Uno de ellos negó con la cabeza.

—Lo siento, señor Whitmore.

Por orden de la dirección médica, el acceso quedó restringido.

—Soy su esposo.

—Lo sabemos.

Precisamente por eso.

Marcus sintió que el suelo desaparecía bajo sus pies.

En ese momento apareció la doctora Helen Morris.

Llevaba una carpeta gruesa entre las manos.

—Señor Whitmore.

Él caminó hacia ella.

—¿Dónde está Sofía?

—Está recibiendo atención en otra área del hospital.

Su estado sigue siendo delicado.

Marcus respiró aliviado.

Duró apenas un instante.

La doctora abrió la carpeta.

—Antes de preguntar por su esposa, necesito que responda algo.

Sacó un documento.

—¿Reconoce esta autorización?

Marcus bajó la vista.

Su firma aparecía al pie de la hoja.

Sintió un escalofrío.

Porque aquel no era un simple consentimiento médico.

Era la autorización financiera del proyecto.

Y, justo debajo de su firma, había una cláusula resaltada que jamás recordaba haber leído.

“La paciente gestante deberá otorgar consentimiento expreso, libre e informado antes de cualquier procedimiento experimental.”
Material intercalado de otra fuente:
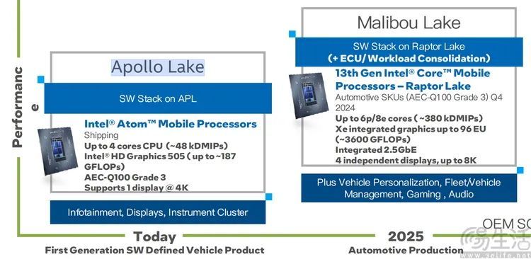 但是事情就这么简单吗?就在不久前我们三易生活从第三方获得了英特尔原本的车载平台路线图,其中就包括原定“接班”Malibou Lake的“下一代”车载计算平台诸多产品信息。

La firma correspondiente estaba completamente en blanco.

Marcus levantó lentamente la mirada.

Por primera vez desde que todo había comenzado, comprendió la magnitud de lo que había permitido.

No solo había traicionado a la mujer que decía amar.

Todo el proyecto podía haberse construido sobre una autorización que ella nunca otorgó.

Y mientras él intentaba encontrar una explicación, la doctora cerró la carpeta y pronunció unas palabras que hicieron que el pasillo entero quedara en silencio.

—Hasta que esta investigación concluya, todos los procedimientos quedan suspendidos. Y la fiscalía especializada en delitos sanitarios acaba de solicitar acceso a los expedientes completos.